■ **WORK TASK**
Among the entries below, find the line with "واستمع وزير القوي" and the line with "然而升级后的艺仓美术馆对于展". Return exactly those lines and every line between them, but no pictures.

■ **THE DATA**
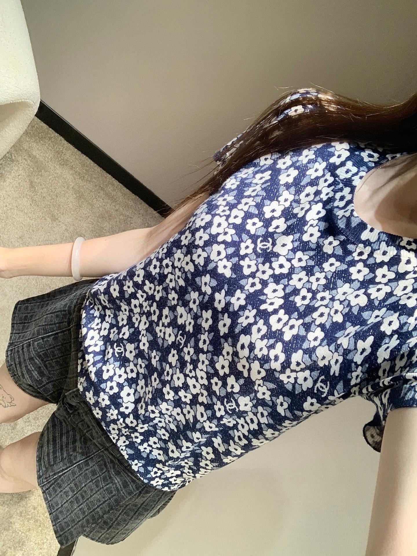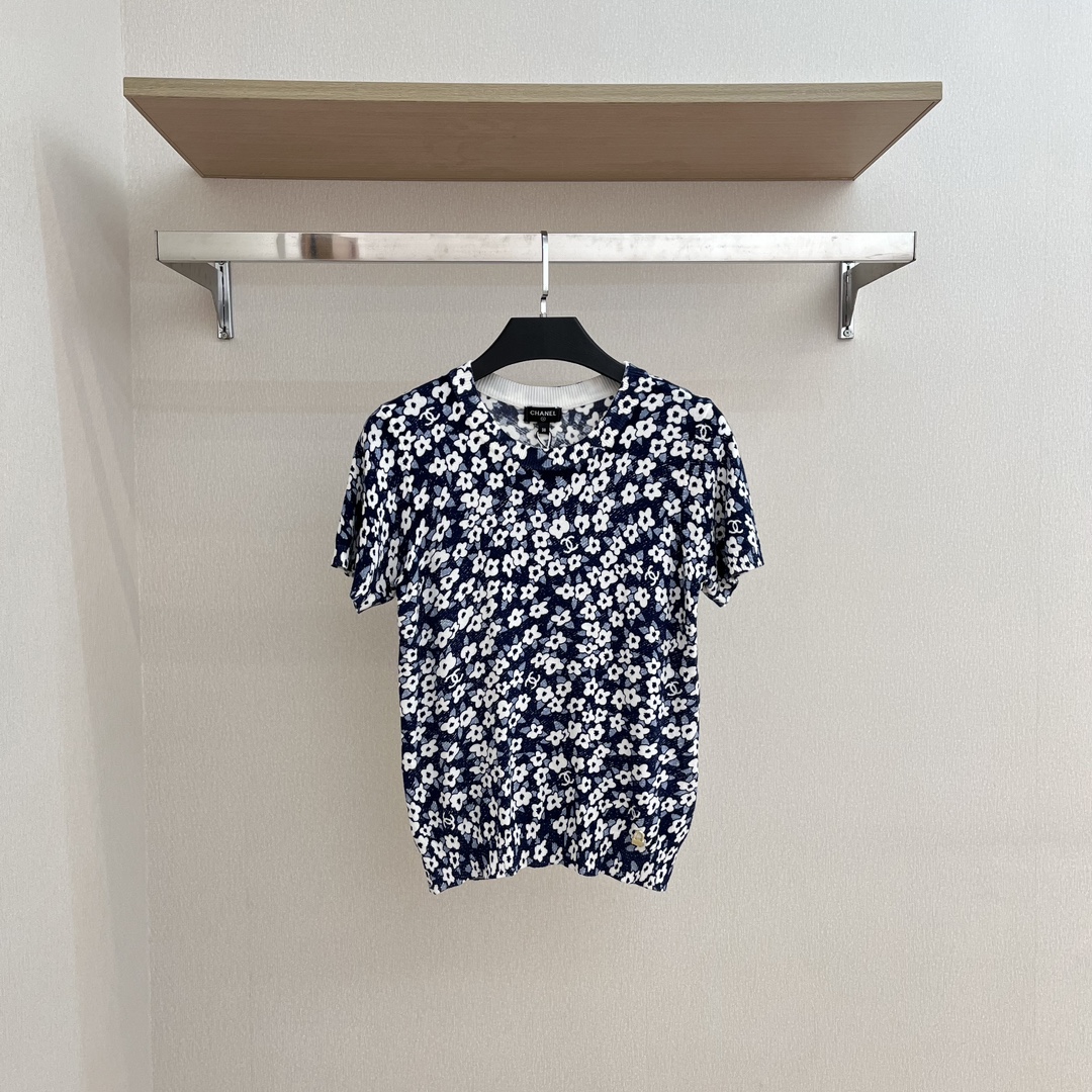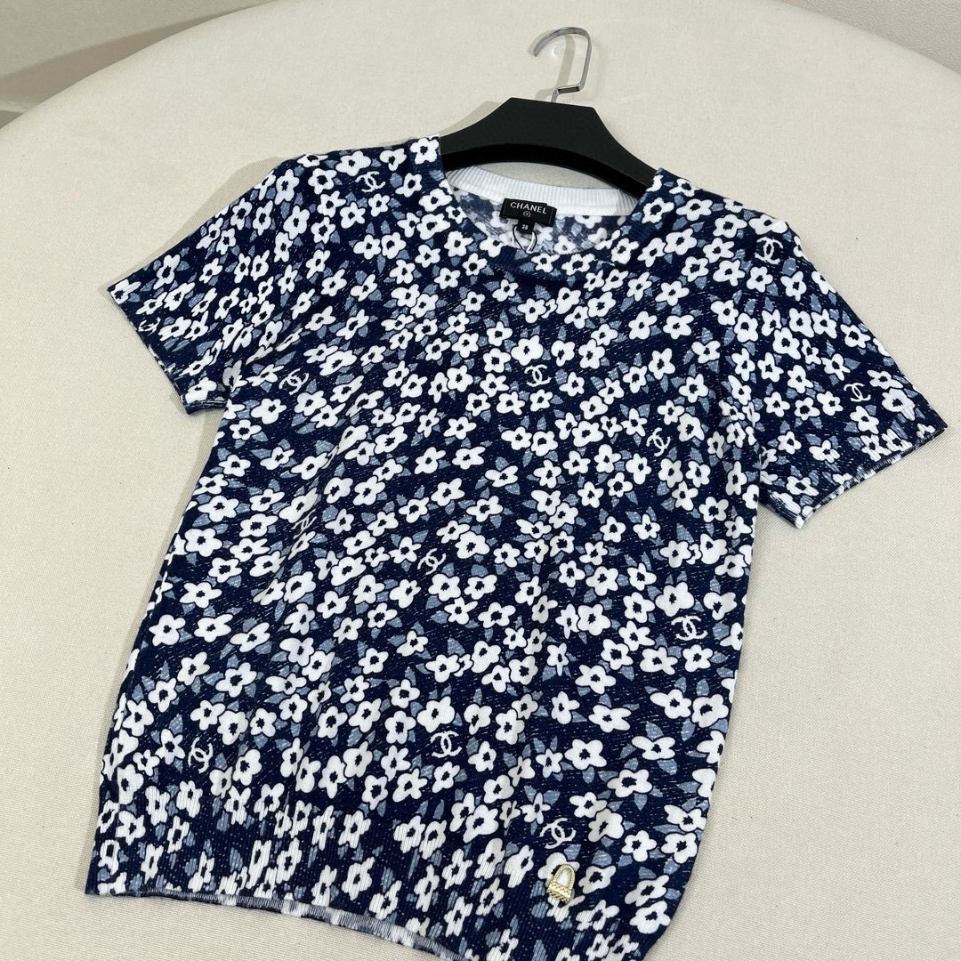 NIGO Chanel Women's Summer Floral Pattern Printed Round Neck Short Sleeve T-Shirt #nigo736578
--
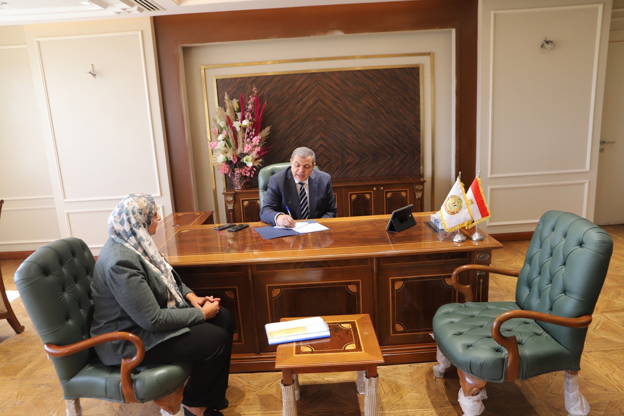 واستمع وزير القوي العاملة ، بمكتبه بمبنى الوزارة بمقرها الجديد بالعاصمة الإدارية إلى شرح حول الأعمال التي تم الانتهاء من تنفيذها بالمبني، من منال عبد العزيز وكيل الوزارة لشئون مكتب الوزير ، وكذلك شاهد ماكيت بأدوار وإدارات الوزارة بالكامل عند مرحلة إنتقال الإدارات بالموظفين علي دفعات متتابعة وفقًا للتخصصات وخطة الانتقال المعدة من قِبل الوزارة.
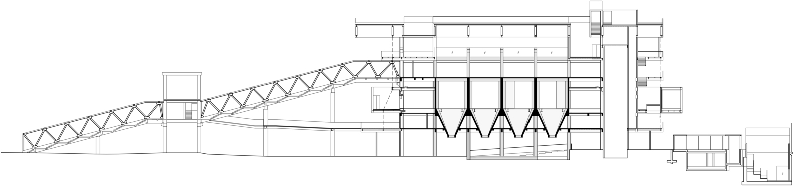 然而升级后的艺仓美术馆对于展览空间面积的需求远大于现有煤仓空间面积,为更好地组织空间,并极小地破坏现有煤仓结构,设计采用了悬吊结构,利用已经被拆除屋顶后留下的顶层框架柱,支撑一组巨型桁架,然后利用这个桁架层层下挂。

■ **ANSWER SPACE**
 واستمع وزير القوي العاملة ، بمكتبه بمبنى الوزارة بمقرها الجديد بالعاصمة الإدارية إلى شرح حول الأعمال التي تم الانتهاء من تنفيذها بالمبني، من منال عبد العزيز وكيل الوزارة لشئون مكتب الوزير ، وكذلك شاهد ماكيت بأدوار وإدارات الوزارة بالكامل عند مرحلة إنتقال الإدارات بالموظفين علي دفعات متتابعة وفقًا للتخصصات وخطة الانتقال المعدة من قِبل الوزارة.
 然而升级后的艺仓美术馆对于展览空间面积的需求远大于现有煤仓空间面积,为更好地组织空间,并极小地破坏现有煤仓结构,设计采用了悬吊结构,利用已经被拆除屋顶后留下的顶层框架柱,支撑一组巨型桁架,然后利用这个桁架层层下挂。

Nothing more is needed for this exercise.